**What you should do**
Pictures excluded, please retype exactly the lines from the start of the data through the line that contains "ОГОЛОШЕННЯ ПРО ВИКЛИК ДО СУДУ", both ends kept, and nothing beyond them.

**Data**
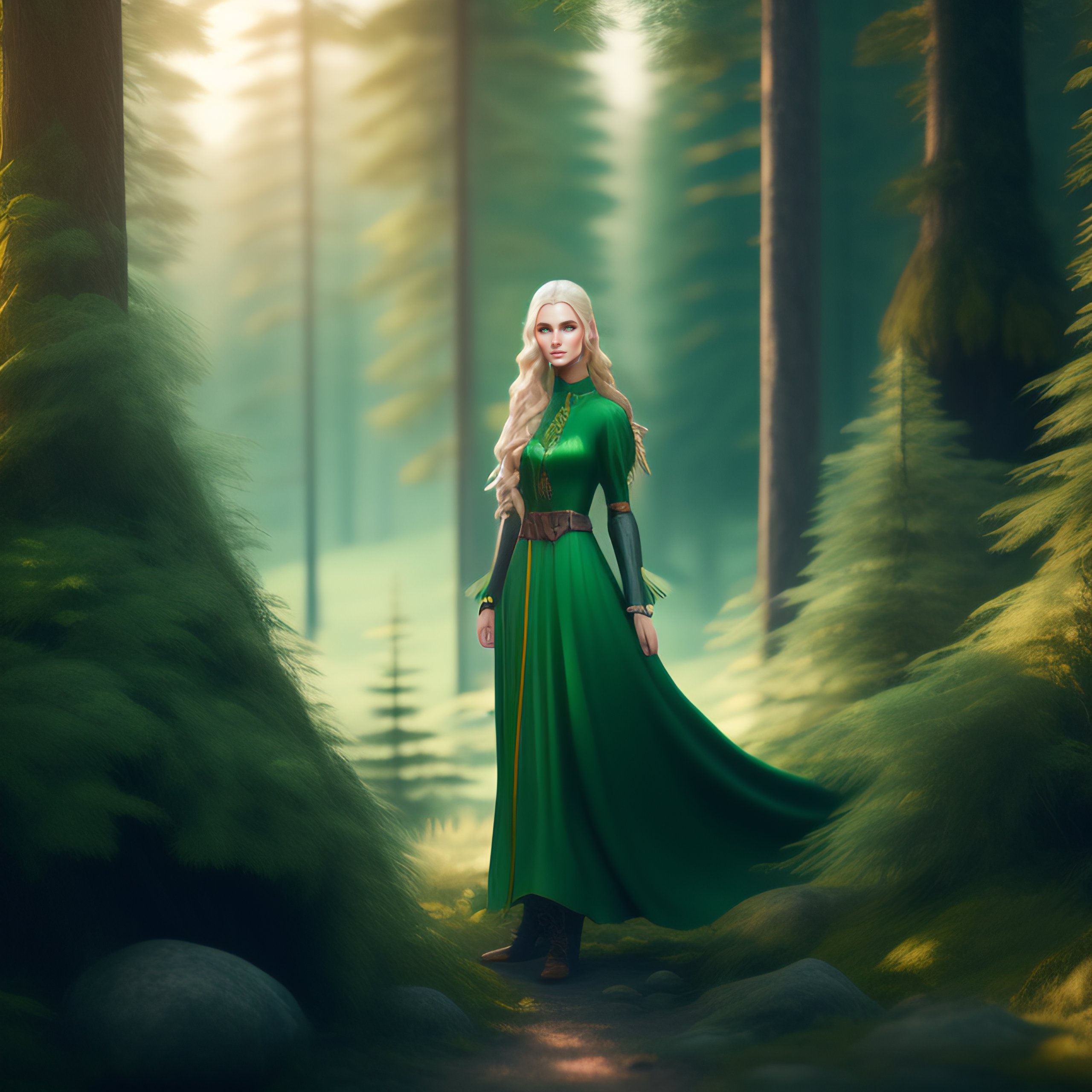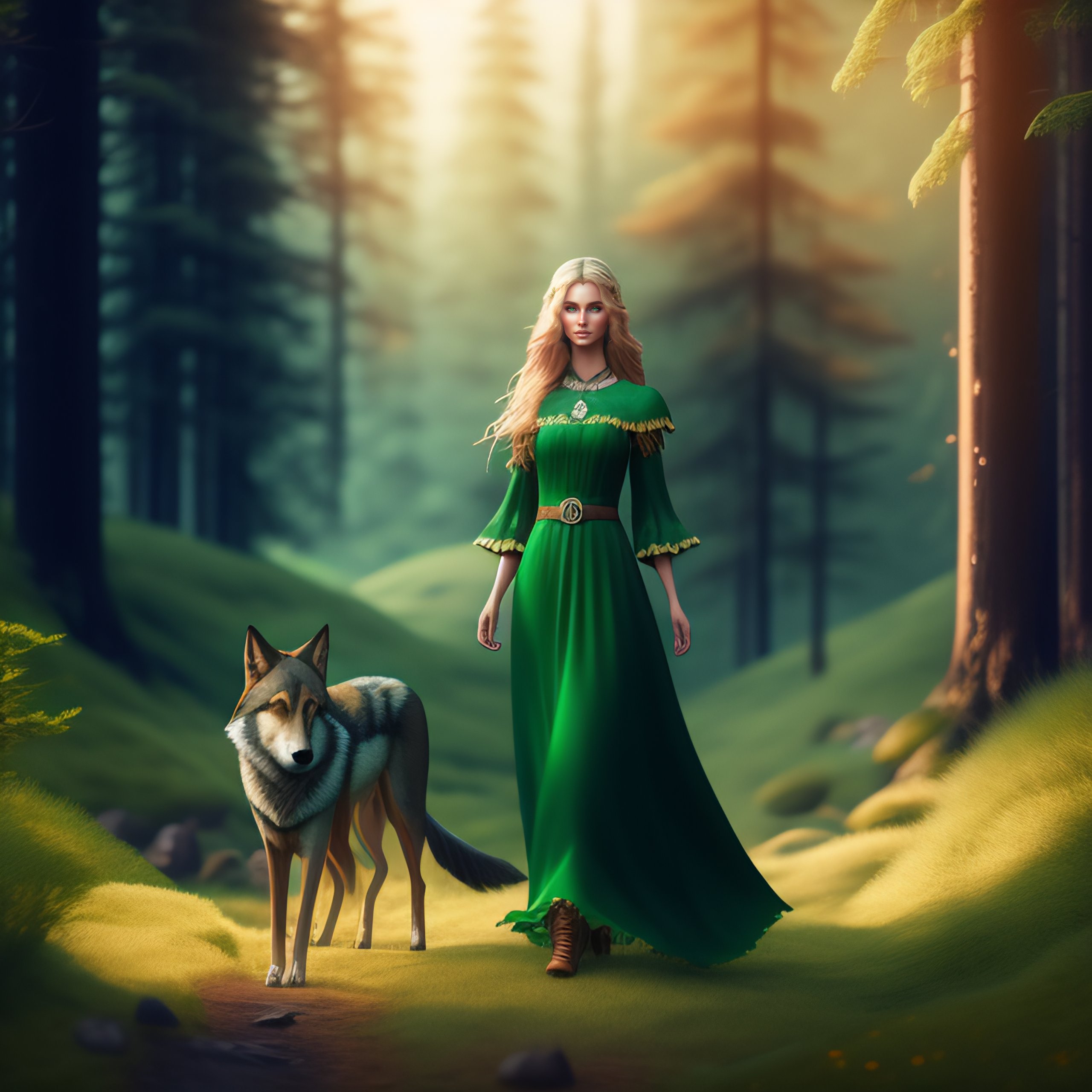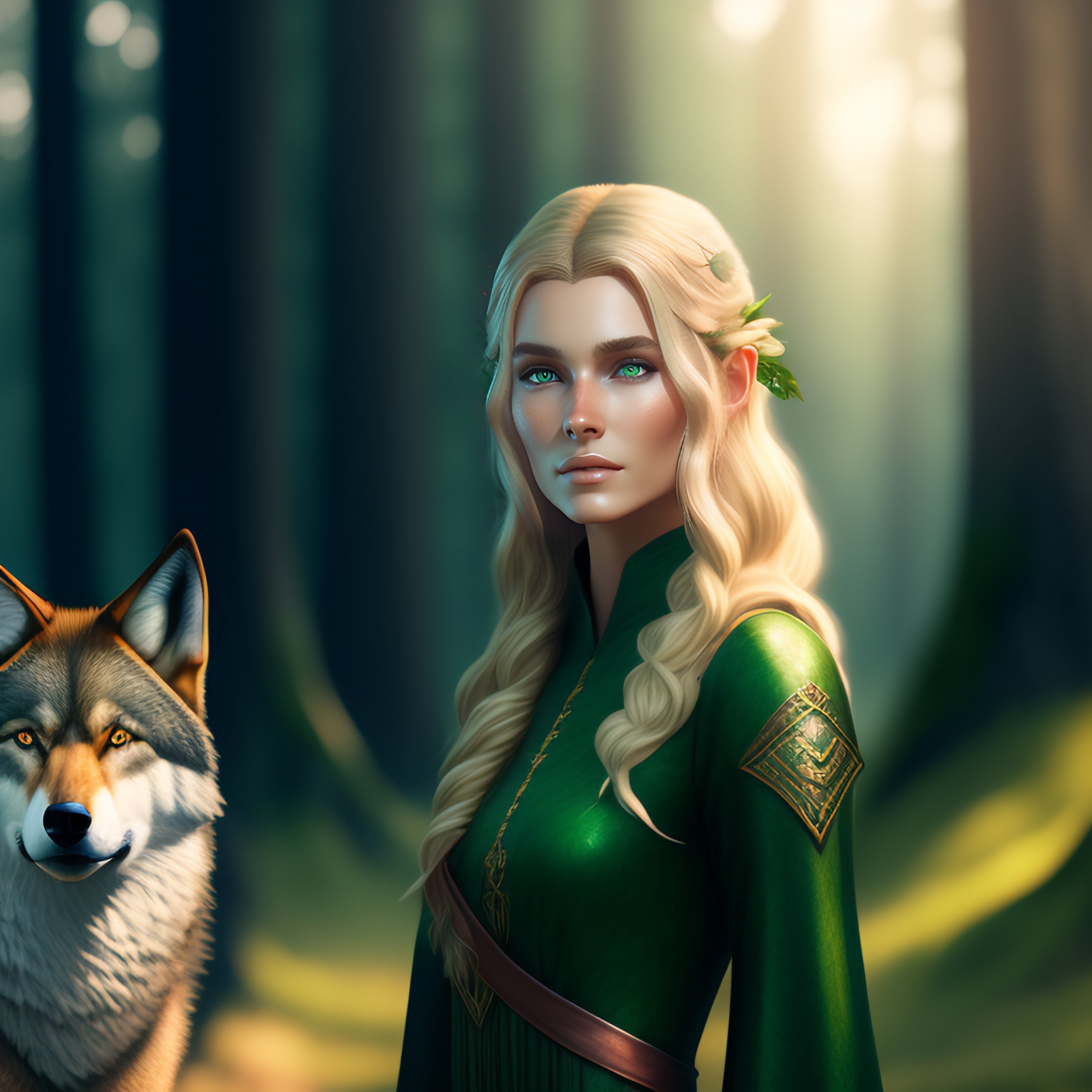 Elf girl and wolves, blond wavy hair, green eyes, long dress, full length character, northern forest on the background, digital painting, octane render, unreal engine, studio lighting
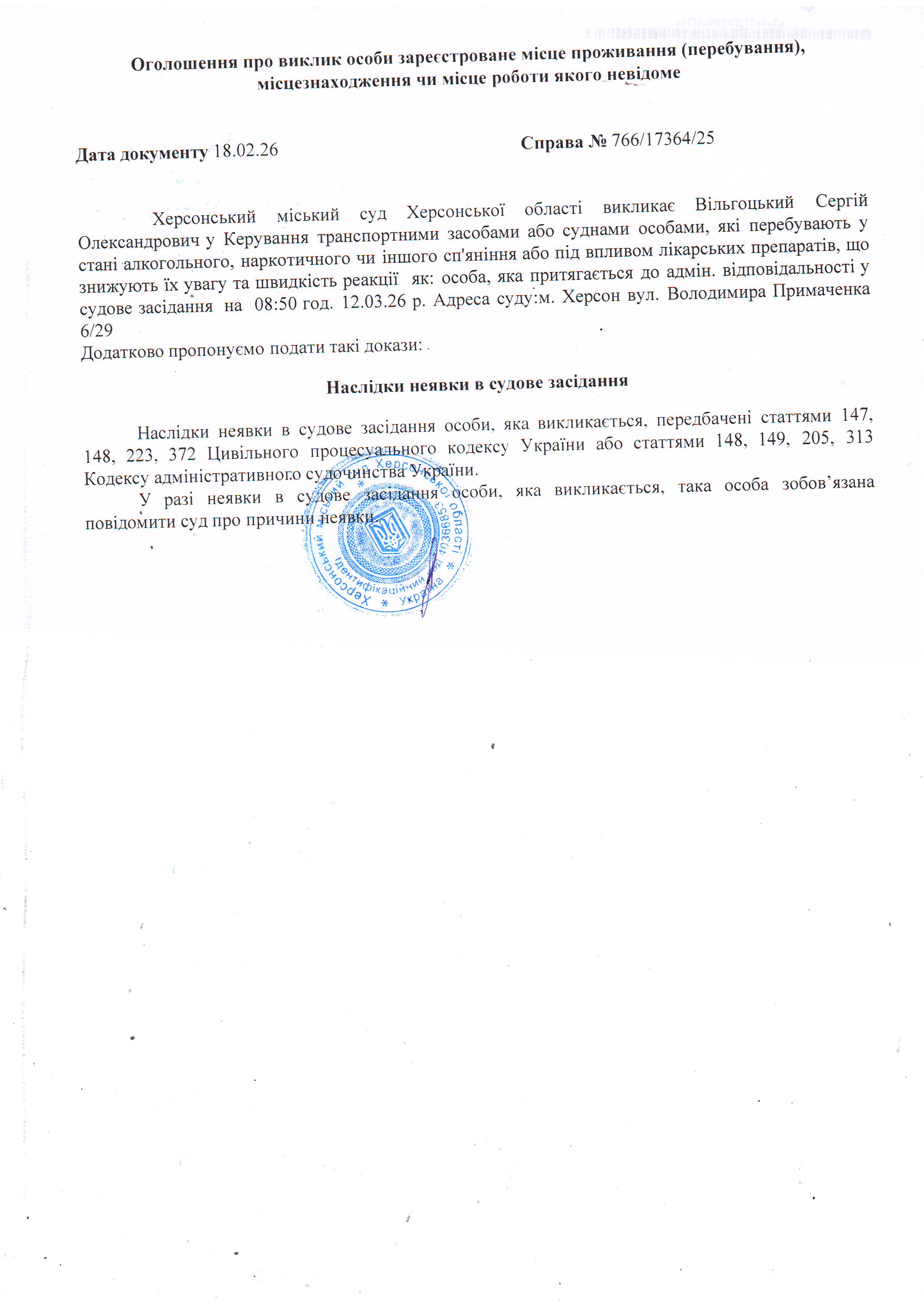 ОГОЛОШЕННЯ ПРО ВИКЛИК ДО СУДУ
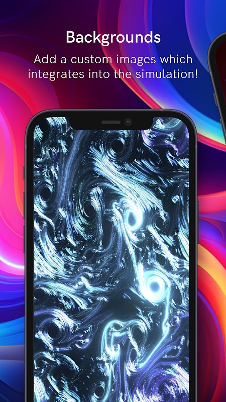 Fluid Live Wallpaper lets you transform your device into a piece of art. Relax and unleash your creativity by watching colors swirl, smoothly transition, and calm your mind. With Fluid Simulation Backgrounds, your screen turns into a masterpiece of artistry every time you touch it. Experience creativity, relieve stress, and embrace the peace fluid light. Experience calmness and relaxation each swirl brings to your day with Fluids Particle Simulation LWP.
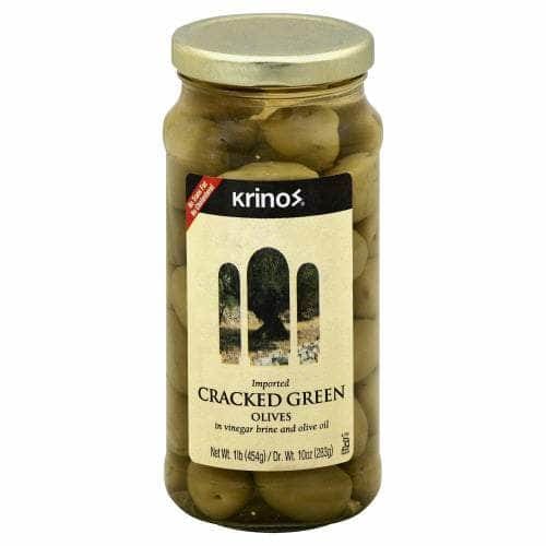 Krinos Green Cracked Olives, 16 oz (Case of 3)

**Exercise result**
 Elf girl and wolves, blond wavy hair, green eyes, long dress, full length character, northern forest on the background, digital painting, octane render, unreal engine, studio lighting
 ОГОЛОШЕННЯ ПРО ВИКЛИК ДО СУДУ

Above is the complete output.